Certain statements contained herein may constitute forward-looking statements and are made pursuant to the “safe harbour” provisions of the United States Private Securities Litigation Reform Act of 1995. Such forward-looking statements are subject to known and unknown risks, uncertainties and other factors which may cause the actual results, performance or achievements of Fairfax to be materially different from any future results, performance or achievements expressed or implied by such forward-looking statements.
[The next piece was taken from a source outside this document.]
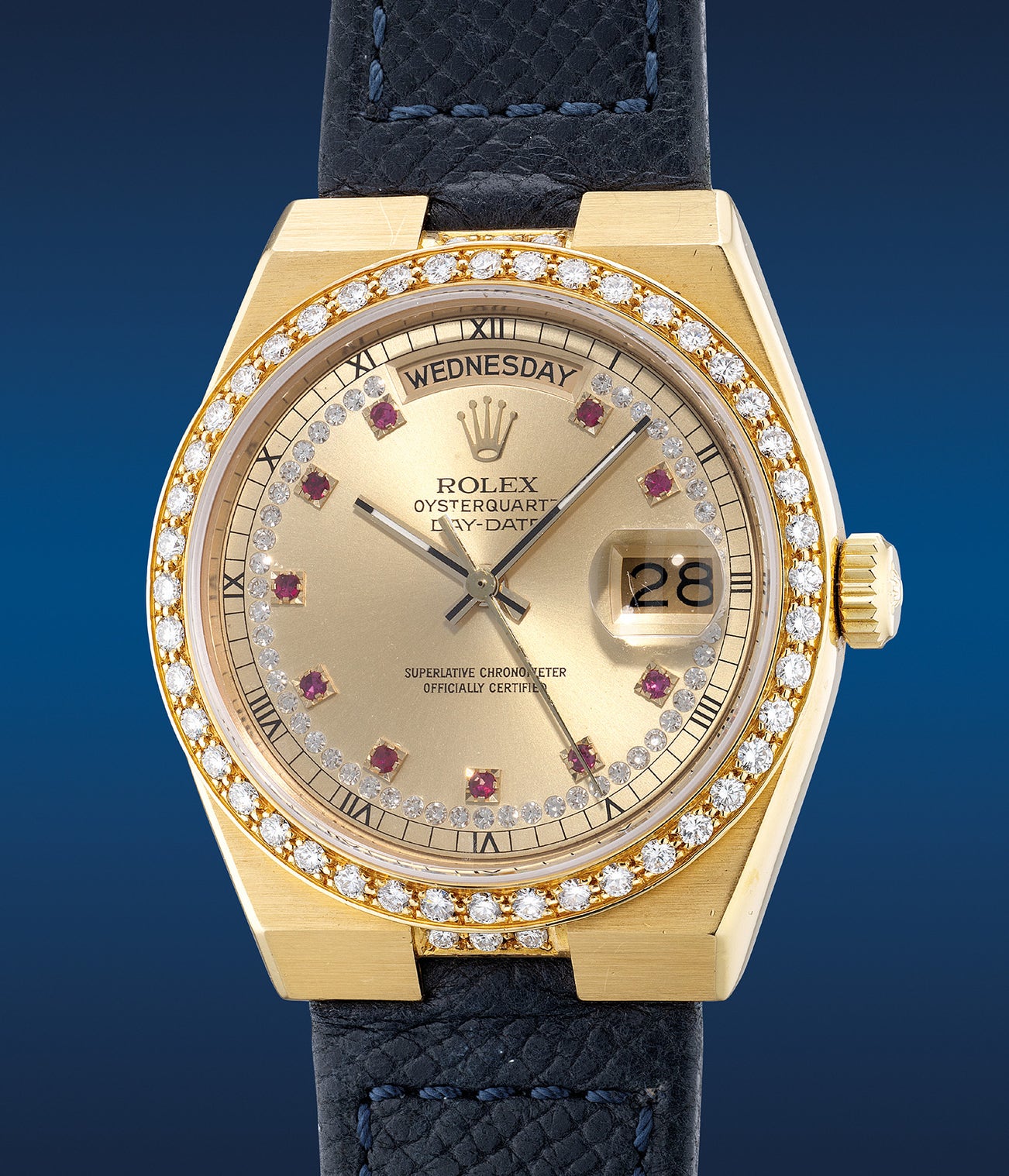 The present Rolex Oysterquartz Day-Date ref. 19048 from circa 1983 features an extravagant expression of luxury, fitted with a matching gold dial, the outertrack is bedazzled with diamonds, wrapping the ruby-set hour markers in stunning contrast. Furthermore the bezel and case is also finished with diamond-set decoration. Offered in excellent overall condition this rare example will surely please the passionate community of vintage Rolex Day-Date collectors.
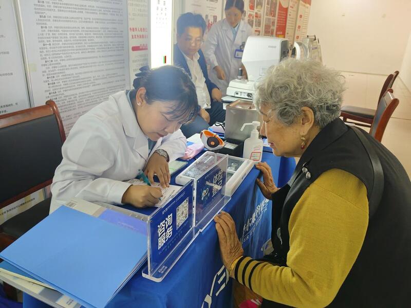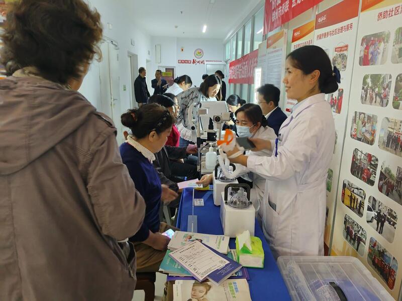 另一侧眼科服务专区同样忙碌而温馨。医生为疑似患有白内障的老人做了进一步专项检查,同时为有需要的老人提供眼部雾化服务,缓解干涩、疲劳等不适。老人们纷纷表示,这样的专业服务既贴心又便利。

Such factors include, but are not limited to: the failure to successfully complete the Offers; a reduction in net earnings if our loss reserves are insufficient; underwriting losses on the risks we insure that are higher or lower than expected; the occurrence of catastrophic events with a frequency or severity exceeding our estimates; changes in market variables, including interest rates, foreign exchange rates, equity prices and credit spreads, which could negatively affect our investment portfolio; the cycles of the insurance market and general economic conditions, which can substantially influence our and our competitors’ premium rates and capacity to write new business; insufficient reserves for asbestos, environmental and other latent claims; exposure to credit risk in the event our reinsurers fail to make payments to us under our reinsurance arrangements; exposure to credit risk in the event our insureds, insurance producers or reinsurance intermediaries fail to remit premiums that are owed to us or failure by our insureds to reimburse us for deductibles that are paid by us on their behalf; the timing of claims payments being sooner or the receipt of reinsurance recoverables being later than anticipated by us; the inability of our subsidiaries to maintain financial or claims paying ability ratings; risks associated with implementing our business strategies; risks associated with our use of derivative instruments; the failure of our hedging methods to achieve their desired risk management objective; a decrease in the level of demand for insurance or reinsurance products, or increased competition in the insurance industry; the impact of emerging claim and coverage issues; the failure of any of the loss limitation methods we employ;
our inability to access cash of our subsidiaries; our inability to obtain required levels of capital on favourable terms, if at all; the loss of key employees; our inability to obtain reinsurance coverage in sufficient amounts, at reasonable prices or on terms that adequately protect us; the passage of legislation subjecting our businesses to additional supervision or regulation, including additional tax regulation, in the United States, Canada or other jurisdictions in which we operate; risks associated with government investigations of, and litigation and negative publicity related to, insurance industry practice or any other conduct; risks associated with political and other developments in foreign jurisdictions in which we operate; risks associated with legal or regulatory proceedings; failures or security breaches of our computer and data processing systems; the influence exercisable by our significant shareholder; adverse fluctuations in foreign currency exchange rates; our dependence on independent brokers over whom we exercise little control; an impairment in the carrying value of our goodwill and indefinite-lived intangible assets; our failure to realize deferred income tax assets; technological or other change which adversely impacts demand, or the premiums payable, for the insurance coverages we offer; and assessments and shared market mechanisms which may adversely affect our U.S. insurance subsidiaries. Additional risks and uncertainties are described in our most recently issued Annual Report which is available at www.fairfax.ca and in our Supplemental and Base Shelf Prospectus (under “Risk Factors”) filed with the securities regulatory authorities in Canada, which is available on SEDAR at www.sedar.com. Fairfax disclaims any intention or obligation to update or revise any forward-looking statements.